RUN /usr/local/bin/openssl cms -encrypt -aes-128-gcm -in /tmp/plaintext -out /tmp/enveloped-data.pem -outform PEM -recip /tmp/cert.pem

[lukaaash]

I also encountered this issue when testing interoperability of our C# CMS implementation with PKI.js using test data generated by SMIMEEncryptionExample. I agree with @gnarea that PKI.js is not RFC-compliant. PKI.js utilizes the algorithm identifiers specified by RFC 5084, but uses them in a way that is apparently incompatible with the specification as prescribed by that RFC:

1. Instead of using GCMParameters (with nonce and optional IVlen), it uses an OCTET STRING with just the nonce. This is clearly wrong.

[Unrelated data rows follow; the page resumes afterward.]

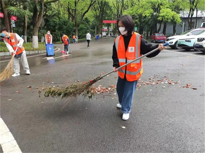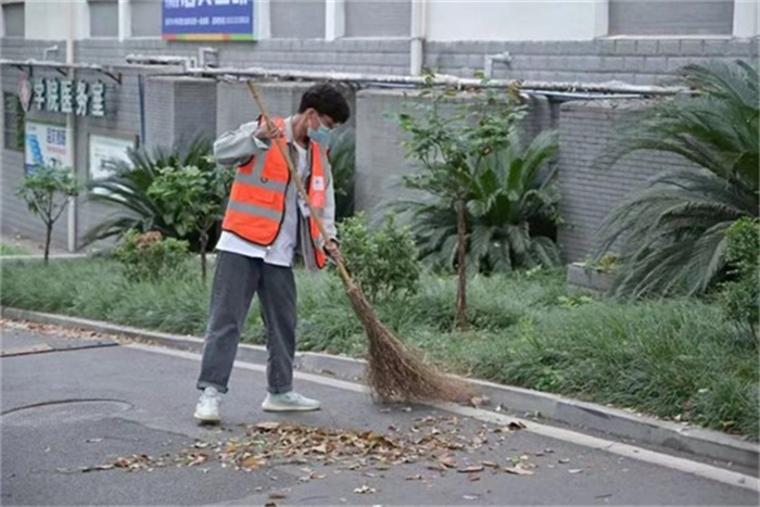 活动中,志愿者们不畏劳累,积极配合,形成合力,充分发挥不怕脏、不怕累的精神,忙碌而有序地对第一行政楼周围道路以及卫生死角进行全面清扫,全力清扫落叶垃圾,积极营造干净、整洁、文明的环境。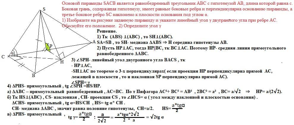1) Изобразите на рисунке заданную пирамиду и укажите линейный угол γ двугранного угла при ребре АС. Обоснуйте его положение.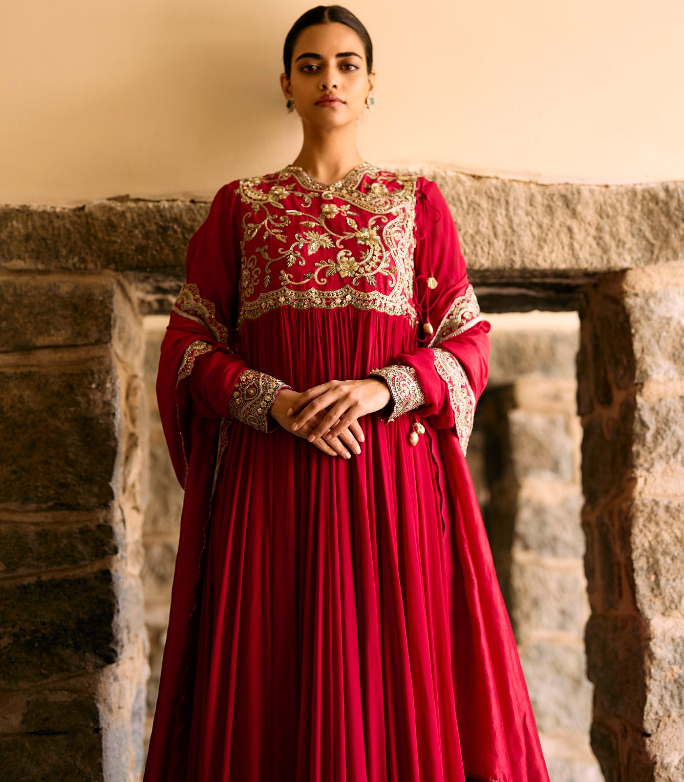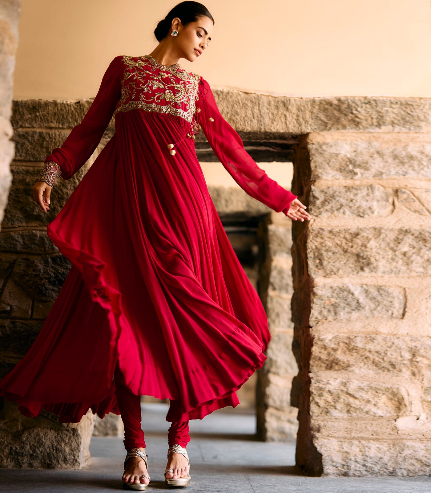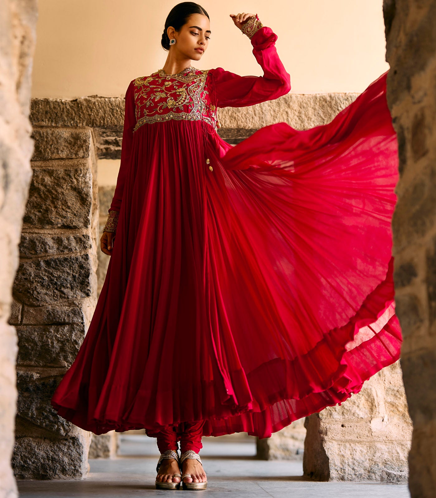 Featuring an anarkali in raw silk base with zardosi embroidery paired with plain chudidar.

2. Instead of using RFC 5083's Authenticated-Enveloped-Data (which adds support to integrity check value (ICV) needed by AES/GCM), it utilizes Enveloped-Data. However, Enveloped-Data lacks the ICV field, so PKI.js instead appends the ICV to the end of encrypted content. But that approach does not seem to have basis in any RFC! Additionally, it's hardcoded to use ICV length of 16 bytes, which again has no basis in RFC 5084.

In the meantime, OpenSSL's implementation made it into OpenSSL 3.0. It seems to be correct and compliant with both RFC 5083 and 5084. On the other hand, PKI.js implementation seems to be just made-up, and it definitely should be fixed.